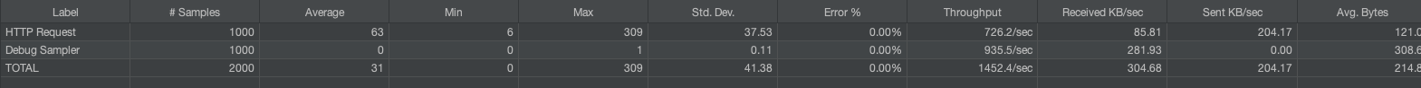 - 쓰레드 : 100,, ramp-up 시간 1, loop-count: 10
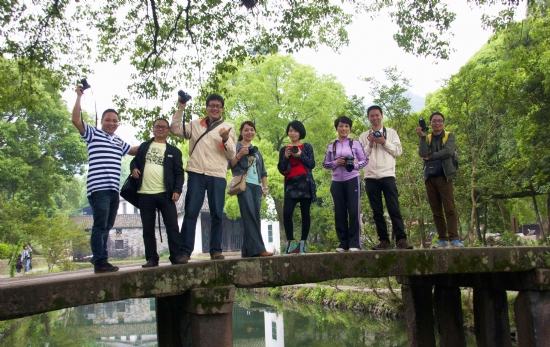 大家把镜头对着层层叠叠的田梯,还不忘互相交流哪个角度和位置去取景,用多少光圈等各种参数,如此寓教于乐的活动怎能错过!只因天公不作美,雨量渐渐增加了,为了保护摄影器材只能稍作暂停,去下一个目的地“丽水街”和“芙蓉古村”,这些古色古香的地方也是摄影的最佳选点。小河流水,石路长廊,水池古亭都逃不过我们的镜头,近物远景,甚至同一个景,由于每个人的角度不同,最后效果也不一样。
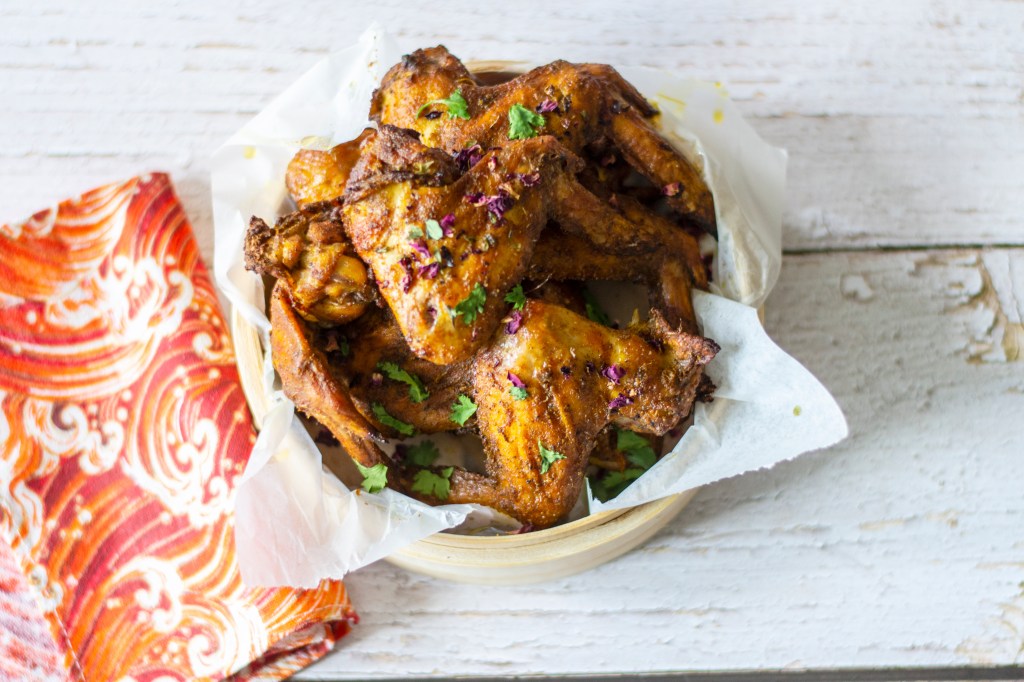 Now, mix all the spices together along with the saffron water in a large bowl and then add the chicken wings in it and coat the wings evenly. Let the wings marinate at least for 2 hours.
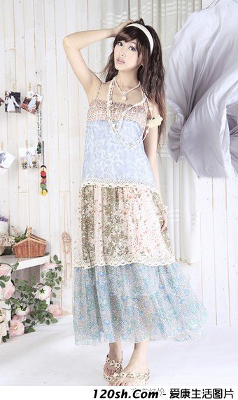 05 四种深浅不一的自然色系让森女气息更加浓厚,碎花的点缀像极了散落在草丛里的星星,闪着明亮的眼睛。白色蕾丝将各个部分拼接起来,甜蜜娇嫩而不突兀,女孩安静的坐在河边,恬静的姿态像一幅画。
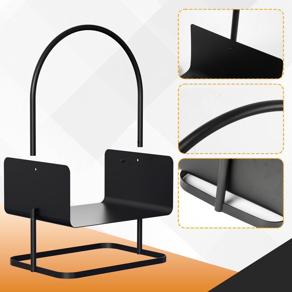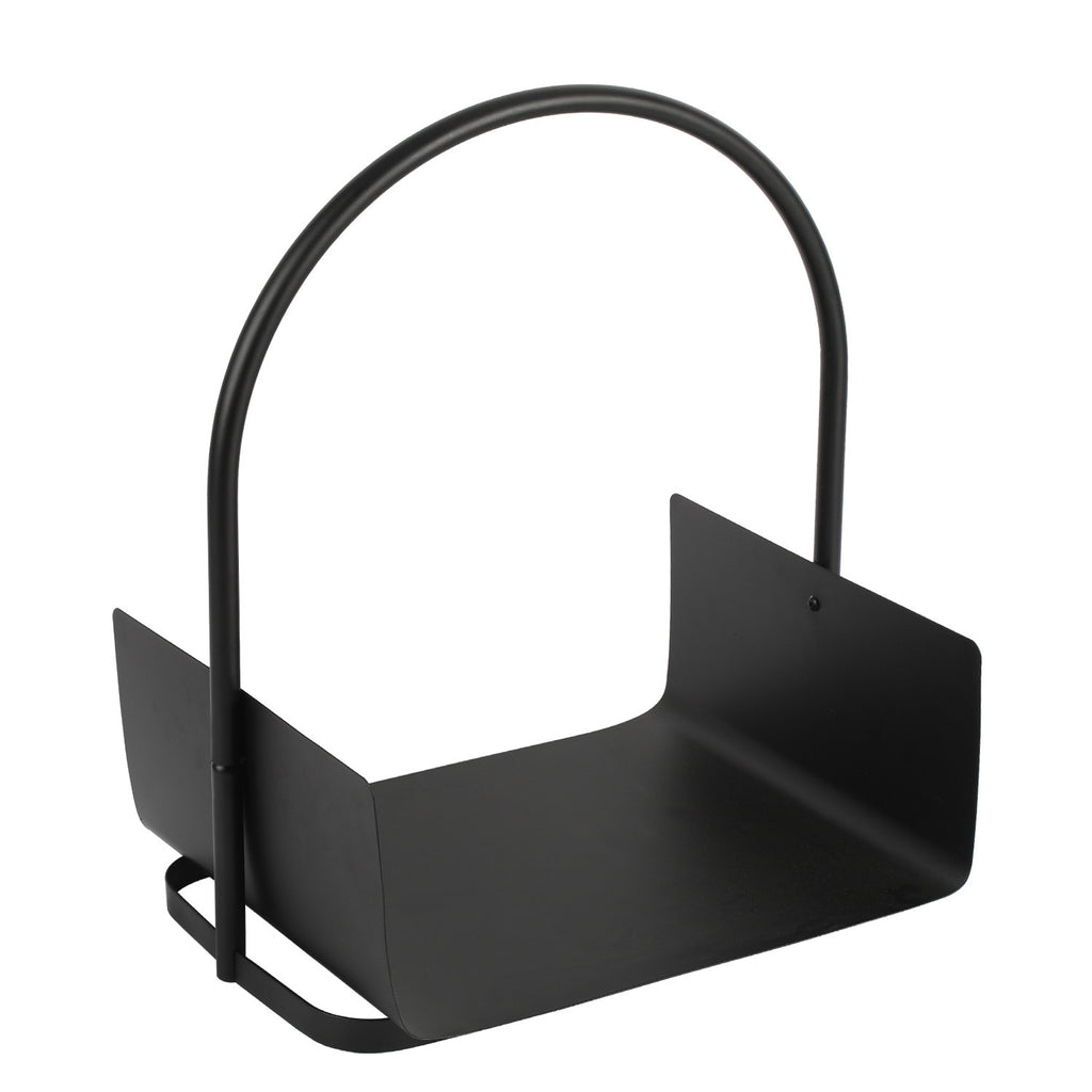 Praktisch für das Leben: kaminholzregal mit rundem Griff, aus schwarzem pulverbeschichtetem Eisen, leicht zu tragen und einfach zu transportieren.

--------------------

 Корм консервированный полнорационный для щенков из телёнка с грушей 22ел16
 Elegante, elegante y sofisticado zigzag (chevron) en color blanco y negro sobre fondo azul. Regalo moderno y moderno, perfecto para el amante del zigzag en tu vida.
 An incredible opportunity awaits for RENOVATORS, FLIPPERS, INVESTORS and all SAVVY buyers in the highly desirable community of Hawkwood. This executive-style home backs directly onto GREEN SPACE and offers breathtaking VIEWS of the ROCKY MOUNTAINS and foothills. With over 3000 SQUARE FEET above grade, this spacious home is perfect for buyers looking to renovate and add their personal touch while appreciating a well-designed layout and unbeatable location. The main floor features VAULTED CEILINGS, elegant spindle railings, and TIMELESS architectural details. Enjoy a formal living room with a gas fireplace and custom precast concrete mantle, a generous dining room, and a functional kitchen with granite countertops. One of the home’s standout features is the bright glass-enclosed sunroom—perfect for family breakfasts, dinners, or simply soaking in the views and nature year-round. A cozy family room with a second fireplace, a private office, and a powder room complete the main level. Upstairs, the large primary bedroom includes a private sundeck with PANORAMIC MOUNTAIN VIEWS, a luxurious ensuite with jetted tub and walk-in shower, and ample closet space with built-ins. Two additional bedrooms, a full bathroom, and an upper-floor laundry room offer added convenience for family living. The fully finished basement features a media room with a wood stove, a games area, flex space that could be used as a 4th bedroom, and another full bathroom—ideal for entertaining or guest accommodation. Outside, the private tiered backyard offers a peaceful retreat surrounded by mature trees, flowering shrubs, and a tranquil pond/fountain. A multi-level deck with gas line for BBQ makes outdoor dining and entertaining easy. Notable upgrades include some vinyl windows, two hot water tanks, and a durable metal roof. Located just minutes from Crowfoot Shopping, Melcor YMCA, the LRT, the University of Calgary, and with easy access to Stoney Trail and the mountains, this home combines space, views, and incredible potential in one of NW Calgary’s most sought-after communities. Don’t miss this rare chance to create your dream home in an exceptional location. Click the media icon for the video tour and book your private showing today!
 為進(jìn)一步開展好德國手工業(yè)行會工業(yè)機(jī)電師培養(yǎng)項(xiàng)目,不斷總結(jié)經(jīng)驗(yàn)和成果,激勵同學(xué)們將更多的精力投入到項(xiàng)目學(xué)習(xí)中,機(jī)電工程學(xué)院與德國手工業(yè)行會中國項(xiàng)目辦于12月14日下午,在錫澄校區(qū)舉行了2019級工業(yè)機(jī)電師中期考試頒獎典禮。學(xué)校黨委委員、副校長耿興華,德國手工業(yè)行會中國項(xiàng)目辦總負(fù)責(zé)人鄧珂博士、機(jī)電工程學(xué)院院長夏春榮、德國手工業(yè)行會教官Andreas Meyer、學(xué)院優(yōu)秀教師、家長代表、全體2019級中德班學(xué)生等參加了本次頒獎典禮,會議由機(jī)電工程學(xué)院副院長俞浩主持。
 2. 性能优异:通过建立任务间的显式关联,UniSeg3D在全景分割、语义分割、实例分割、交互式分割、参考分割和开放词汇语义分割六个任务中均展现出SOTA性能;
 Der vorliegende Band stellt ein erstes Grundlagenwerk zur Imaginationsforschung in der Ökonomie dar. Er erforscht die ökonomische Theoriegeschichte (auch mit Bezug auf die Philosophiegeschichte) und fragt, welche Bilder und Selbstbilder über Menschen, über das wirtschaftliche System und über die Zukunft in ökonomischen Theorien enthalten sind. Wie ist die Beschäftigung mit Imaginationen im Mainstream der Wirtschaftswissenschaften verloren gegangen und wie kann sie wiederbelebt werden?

--------------------

▶ [EXERCISE DESCRIPTION]: The range runs from the line with "Корм консервированный полнорационный" up to and including the line with "Elegante, elegante y" in the listing above; please write out exactly those lines and nothing more.

▶ [EXERCISE SOLUTION]:
 Корм консервированный полнорационный для щенков из телёнка с грушей 22ел16
 Elegante, elegante y sofisticado zigzag (chevron) en color blanco y negro sobre fondo azul. Regalo moderno y moderno, perfecto para el amante del zigzag en tu vida.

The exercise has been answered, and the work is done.